Listed property concern, First Mutual Properties (FMP), reported a loss of ZWL$82.5m for the quarter ended March 31, 2021 from a profit of ZWL$1.6bn achieved in prior comparative period largely due to stringent lockdown measures imposed by government in response to the second wave of the Covid-19 infections.
But FMP’s revenue jumped by 26% to ZW$90.2m in the first quarter to March 31, 2021 despite a generally difficult operating environment from ZW$71.6m reported in the corresponding period last year. Management attributed the improved numbers to rent reviews, higher turnover rentals.
FMP said while the company experienced low demand for offices in the central business district (CBD), the retail, industrial sector and office park was resilient and registered a steady demand.
“The lockdown early in the year delayed rent review efforts, hindered collections and planned maintenance initiatives,” FMP said.
Despite the slow start to the year, the occupancy levels improved by two percentage points to 89% from 97% as deliberate efforts to improve space quality yielded positive results.
Collections deteriorated during the period under review to 57% from 78% in December 2020 as tenants were affected by lockdown measures.
Total income was 7% higher than the prior year reflecting positive returns on listed equity investments, despite fair value losses on investment property.

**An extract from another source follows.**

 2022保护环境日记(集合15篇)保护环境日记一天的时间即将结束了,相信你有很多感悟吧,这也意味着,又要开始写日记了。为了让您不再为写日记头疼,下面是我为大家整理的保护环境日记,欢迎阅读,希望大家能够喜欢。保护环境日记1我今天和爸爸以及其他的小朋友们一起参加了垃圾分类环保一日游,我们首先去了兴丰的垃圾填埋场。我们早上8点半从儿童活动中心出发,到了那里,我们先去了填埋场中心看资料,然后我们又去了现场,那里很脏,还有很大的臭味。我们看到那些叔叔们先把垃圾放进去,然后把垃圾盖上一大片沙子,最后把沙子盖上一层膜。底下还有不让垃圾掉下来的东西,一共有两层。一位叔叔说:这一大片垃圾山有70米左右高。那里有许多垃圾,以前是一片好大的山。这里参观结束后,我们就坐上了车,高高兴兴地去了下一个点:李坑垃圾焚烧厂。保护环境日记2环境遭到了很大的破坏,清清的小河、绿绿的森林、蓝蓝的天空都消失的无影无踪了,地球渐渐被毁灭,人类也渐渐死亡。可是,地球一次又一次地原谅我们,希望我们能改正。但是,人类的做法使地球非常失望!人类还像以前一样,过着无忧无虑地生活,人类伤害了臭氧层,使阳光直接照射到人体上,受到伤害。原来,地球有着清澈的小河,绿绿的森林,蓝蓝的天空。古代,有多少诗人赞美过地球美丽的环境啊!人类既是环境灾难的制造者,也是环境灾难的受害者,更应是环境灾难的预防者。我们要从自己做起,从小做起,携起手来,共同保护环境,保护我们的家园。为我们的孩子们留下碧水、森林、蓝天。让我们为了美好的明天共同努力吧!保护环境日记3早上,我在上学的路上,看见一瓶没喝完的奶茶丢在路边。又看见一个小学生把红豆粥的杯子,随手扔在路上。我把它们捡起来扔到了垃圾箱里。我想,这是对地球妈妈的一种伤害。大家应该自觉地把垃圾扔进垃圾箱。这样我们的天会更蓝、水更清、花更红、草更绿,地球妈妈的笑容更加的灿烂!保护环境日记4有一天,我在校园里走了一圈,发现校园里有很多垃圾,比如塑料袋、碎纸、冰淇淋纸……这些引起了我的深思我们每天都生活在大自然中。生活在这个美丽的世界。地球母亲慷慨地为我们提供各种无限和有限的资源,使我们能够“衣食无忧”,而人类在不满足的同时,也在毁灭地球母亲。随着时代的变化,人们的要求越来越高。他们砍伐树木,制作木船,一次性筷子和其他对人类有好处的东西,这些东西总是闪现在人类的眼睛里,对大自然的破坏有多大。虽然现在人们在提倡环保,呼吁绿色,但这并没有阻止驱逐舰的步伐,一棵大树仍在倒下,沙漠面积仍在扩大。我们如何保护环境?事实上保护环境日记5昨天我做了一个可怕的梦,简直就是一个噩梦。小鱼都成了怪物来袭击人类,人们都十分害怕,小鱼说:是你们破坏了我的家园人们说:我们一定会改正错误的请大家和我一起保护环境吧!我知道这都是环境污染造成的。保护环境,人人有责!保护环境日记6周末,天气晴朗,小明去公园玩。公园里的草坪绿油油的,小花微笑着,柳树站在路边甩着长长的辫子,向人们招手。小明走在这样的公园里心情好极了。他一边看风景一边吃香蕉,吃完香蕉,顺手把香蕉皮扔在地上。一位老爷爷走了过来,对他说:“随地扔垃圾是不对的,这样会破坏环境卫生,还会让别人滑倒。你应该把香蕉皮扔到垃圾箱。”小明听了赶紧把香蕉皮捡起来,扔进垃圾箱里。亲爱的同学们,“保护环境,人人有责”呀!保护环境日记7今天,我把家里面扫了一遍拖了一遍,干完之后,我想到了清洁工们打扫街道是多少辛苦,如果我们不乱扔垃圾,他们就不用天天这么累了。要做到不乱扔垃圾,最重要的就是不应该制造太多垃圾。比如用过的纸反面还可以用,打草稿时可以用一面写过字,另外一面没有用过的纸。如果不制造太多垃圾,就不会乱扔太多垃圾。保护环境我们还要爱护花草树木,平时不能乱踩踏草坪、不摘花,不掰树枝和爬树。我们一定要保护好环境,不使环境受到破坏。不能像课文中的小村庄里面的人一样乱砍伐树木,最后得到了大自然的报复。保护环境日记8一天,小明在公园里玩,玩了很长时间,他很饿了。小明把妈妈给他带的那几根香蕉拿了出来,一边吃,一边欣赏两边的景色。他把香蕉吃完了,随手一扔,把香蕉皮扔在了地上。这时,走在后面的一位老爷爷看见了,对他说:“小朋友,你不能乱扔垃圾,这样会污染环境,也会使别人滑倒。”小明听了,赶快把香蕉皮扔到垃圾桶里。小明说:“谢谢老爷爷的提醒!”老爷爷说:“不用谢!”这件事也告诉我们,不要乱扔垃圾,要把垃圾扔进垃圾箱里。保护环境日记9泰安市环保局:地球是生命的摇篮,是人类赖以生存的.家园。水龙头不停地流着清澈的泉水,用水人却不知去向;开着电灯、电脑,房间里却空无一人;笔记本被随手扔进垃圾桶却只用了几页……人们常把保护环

During the quarter, FMP spent a total of ZWL$ 7.04m on repairs and maintenance alone in an effort to improve space quality and accelerate leasing efforts hence property income also grew albeit at a slower rate of 331% during the period compared to the prior year’s same period.
Investment properties at 31 March 2021 were valued at ZWL 9.663bn following a directors valuation, representing a 3% increase from 31 December 2020.
FMP expects low demand for space in the CBD to continue as it is in excessive supply with rental yields expected to remain weak.
“The commercial real estate segment is expected to remain an occupier market due to excessive supply of space.
“Despite expected growth in economic activity, the property sector is traditionally the slowest to react due to the nature of the asset. Rental yields are expected to remain weak due to the slow nature of price discovery of rentals, coupled by limited upside on rentals due to excess supply of space, while recent revaluations of properties will apply pressure to any growth in yields,” FMP said.